Severe psoriasis was defined as patients who received a psoriasis diagnosis and systemic therapy consistent with severe psoriasis (n = 3603). Up to four unexposed patients without psoriasis were selected from the same practices and start dates for each psoriasis patient (n = 14 330). For every death, the cause was determined by review of the electronic medical record. Severe psoriasis was an independent risk factor for CV mortality (HR 1.57; 95% CI 1.26, 1.96) when adjusting for age, sex, smoking, diabetes, hypertension, and hyperlipidaemia. Overall, severe psoriasis patients experienced one extra CV death per 283 patients per year, even when adjusting for major CV risk factors. The relative risk of CV mortality was modified by age. For example, the RR of CV death for a 40-year-old and 60-year-old with severe psoriasis was 2.69 (1.45, 4.99) and 1.92 (1.41, 2.62), respectively. The findings were robust to multiple sensitivity analyses.
Patients with severe psoriasis have an increased risk of CV mortality that is independent of traditional CV risk factors. Additional studies are needed to determine the mechanism of this association and the impact that control of psoriasis has on CV risk.
See page 902 for the editorial comment on this article (doi:10.1093/eurheartj/ehq042)
Psoriasis is a common, chronic inflammatory disease of the skin and joints that affects ~2–4% of the general adult population.1,2 Psoriasis is associated with impairments in health-related quality of life, even in mild cases, and is associated with excess all-cause mortality in patients with severe disease.3,4 The cause of psoriasis remains unknown; however, its pathogenesis involves a complex interaction between genetics, the immune system, and environmental exposures.

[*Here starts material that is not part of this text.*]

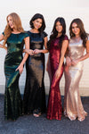 The lovely Merrily will help you be the cheeriest at the holiday party this year or ring in the New Year with a little bling! The sophisticated & classy Merrily is just that with a lot of sparkle! This dress features a high modest neckline, stunning sequins from head to toe and short sleeves. Sure to make everyone do a double take at this elegant shimmering beauty!
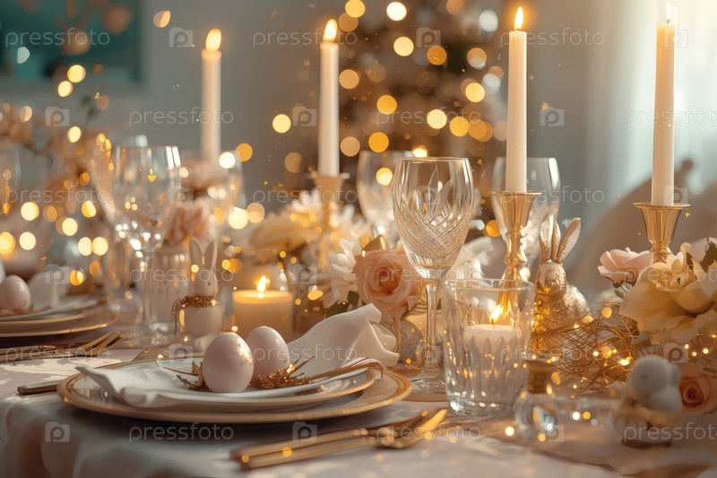 Пасхальный баннер 2026. декоративная тарелка, столовая посуда, стаканы, пасхальные яйца и кролики. концепция празднования Пасхи для кафе и ресторанов

Recent evidence suggests that chronic psoriasis may be associated with other conditions that are caused, in part, by chronic inflammation.5 For example, helper T-cells type 1 (Th-1) chronic inflammation characteristic of psoriasis is also central to the pathophysiology of other conditions such as insulin resistance, atherosclerosis, and plaque rupture leading to thrombotic events.6,7 Patients with psoriasis have increased prevalence of traditional cardiovascular (CV) risk factors such as diabetes,8 hypertension,9 metabolic dyslipidaemia,10 tobacco use,11 and obesity. Furthermore, even after adjusting for these risk factors, recent epidemiological studies support an independent association between psoriasis and myocardial infarction (MI), coronary artery disease, stroke, diabetes, endothelial cell dysfunction, and atherosclerosis.12–15
Despite evidence of increased all-cause mortality4 in patients with severe psoriasis and accumulating evidence of increased prevalence of CV risk factors, there is a paucity of data examining whether psoriasis is associated with increased mortality due to CV disease (CVD) after adjusting for CV risk factors. The purpose of the present study was to determine if patients with severe psoriasis have an increased risk of CV mortality.
The study was conducted and is reported based on recommendations of the STROBE statement.16 The study population was derived from the General Practice Research Database (GPRD), a medical records database in the UK that was established for epidemiological research in 1987.17 The GPRD is representative of the UK population in terms of age and sex, as well as geographic distribution. Approximately 5% of the UK is represented in this database, and it contains over 9 million patient records with 40 million person-years of follow-up. Over 99% of patients through the National Health Service are registered through their general practitioner (GP) and the database captures both diagnoses and medications. The GPRD has been shown to capture information on diagnoses and treatments from specialists through the GP's electronic medical record.18 General practitioners received specific training and incurred penalties in order to ensure high quality data. The data are also audited for completeness and a practice receives an up-to-standard (UTS) designation when at least 95% of relevant prescriptions and diagnoses are captured electronically. This database has also been studied in numerous validation studies, including those of psoriasis and CVD, to demonstrate that it captures these outcomes accurately.1,12
Data were obtained between 1987 and 2002 for patients who were 18 or older at the date their person-time began.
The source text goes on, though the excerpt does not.